From the paper Shot Retrieval and Assembly with Text Script for Video Montage Generation in PyTorch.
Code derived from the supplementary material section here.
Original (paper's) VSPD dataset at https://github.com/RATVDemo/RATV
Assuming the RATV/
dir as root...
pip install -r requirements.txt
For VSPD:
wget -O shots.tar "https://drive.google.com/uc?export=download&id=1wL3tgbDmzHL0arkBP_9SsLrOZQuiP1HL&confirm=t"
tar -xvf shots.tar
wget -O train_captions.jsonl "https://drive.google.com/uc?export=download&id=1vFW_z8WgMYgzw_evhFKs3QyucJ6DwKzT"
wget -O test_captions.jsonl "https://drive.google.com/uc?export=download&id=1s8TdVW6gGGlQYKBYDsyUqr7zkNHjVp94"
For tiktok, assuming the bucket tiktok_montage
is accessible from the instance:
gsutil -m cp -r "gs://tiktok_montage/scenes" .
gsutil -m cp "gs://tiktok_montage/tiktok_montage_gt_4w_9k.json" .
We need to embed the videos before training and all.

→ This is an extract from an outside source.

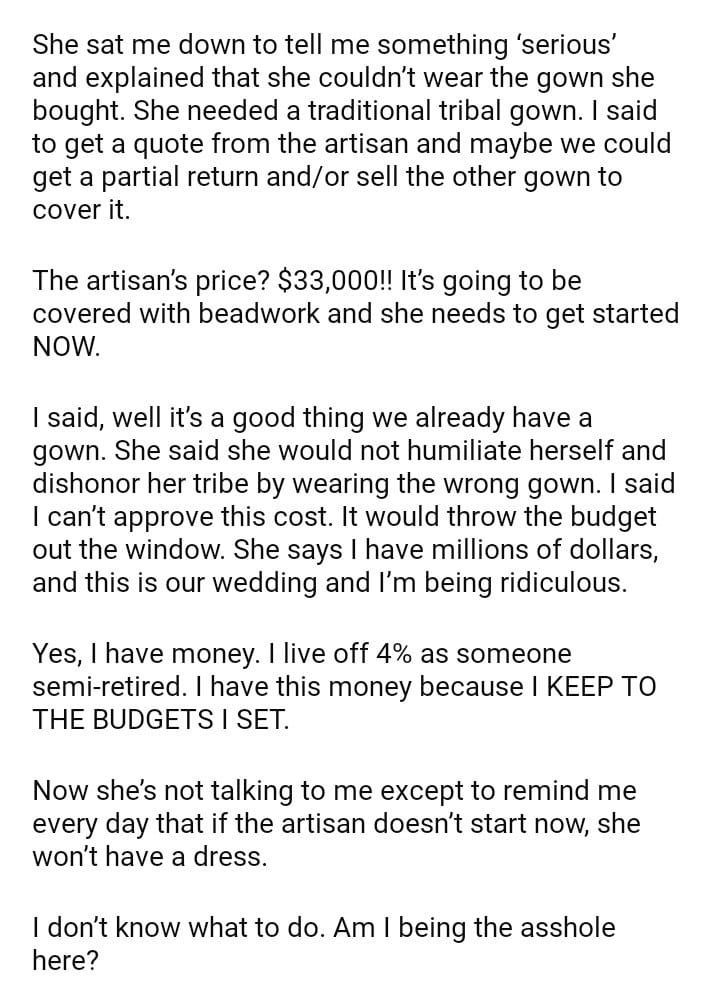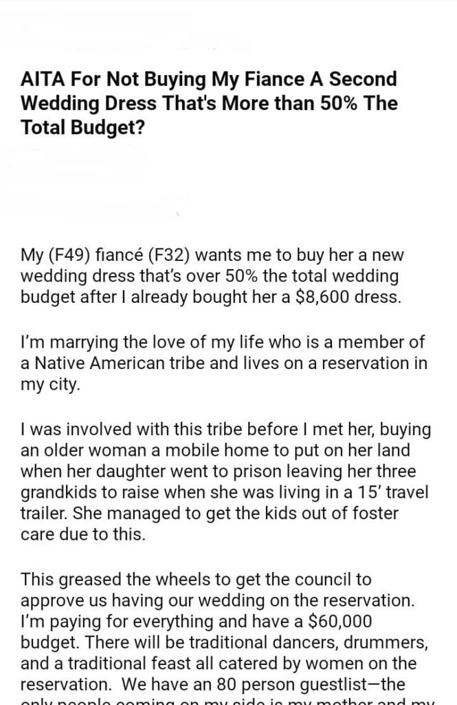 AITA For Not Buying My Fiance A Second Wedding Dress
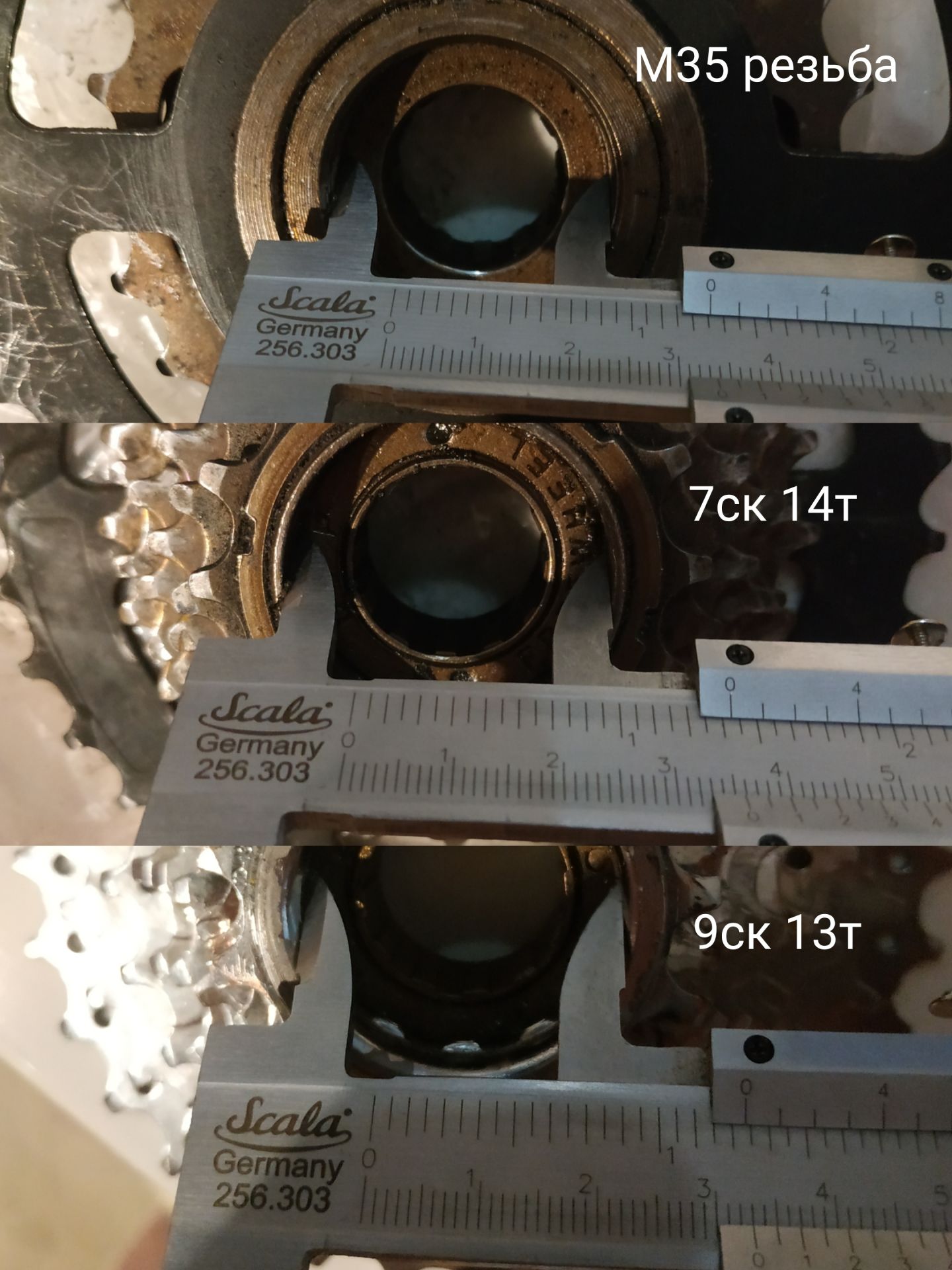 Резьба фривила 35 мм. На обычной 7ск трещетке самая малая звезда 14зубов будет иметь внутренний диаметр больше 35 и налезет на эту резьбу с вероятностью 99 из 100, с меньшим количеством зубов мне трещетки 7ск не попадались. А вот нестандартные трещетки на 9ск имеют звезду 13зубов, но она может и не налезть - тут пробовать надо, без разбора не померить внутренний диаметр, а в сборе там меньше 34, но то внутренний диаметр гайки, которой она притянута к блоку звёзд. Есть ли трещетки с ещё меньшими звездами типа 12 и 11 зубов, не в курсе, но это будет экзотика однозначно.

For this, run embed_videos.py
With train.py
. For instance:
export WANDB_API_KEY="..."
export ENCODER_TYPE="blip2"
python ~/RATV/train.py --data_dir ~/RATV/Embeddings_blip2_proj_f5/ --json_file ~/RATV/data/train_captions.jsonl --embed_dim 256 --hidden_size 256 --learning_rate 1e-4 --loss_weight 0.5 --batch_size 128 --wandb_name "RATV-Full" --epochs 200
With generate.py
. For instance:
export ENCODER_TYPE="blip2"
python ~/RATV/generate.py \
--data_dir ~/RATV/Embeddings_blip2_f5/ \
--data_dir_proj ~/RATV/Embeddings_blip2_proj_f5/ \
--json_file ~/RATV/data/test_captions.jsonl \
--transformer_path ~/RATV/checkpoints-glad-bee/transformer_pretrained_40.pt \
--threshold 0.5 \
--weight 0.75 \
--hidden_size 768 \
--sim_func default \
--allow_multi_embed \
--output_file ~/RATV/test_captions_generated.jsonl
With evaluate.py
. For instance:
export ENCODER_TYPE="blip2"
python ~/RATV/evaluate.py \
--fea_root ~/RATV/Embeddings_blip2_proj_f5/ \
--target_file ~/RATV/data/test_captions.jsonl \
--generated_file ~/RATV/test_captions_generated.jsonl
Note: for consistency, we evaluate all outputs with BLIP2 embeddings.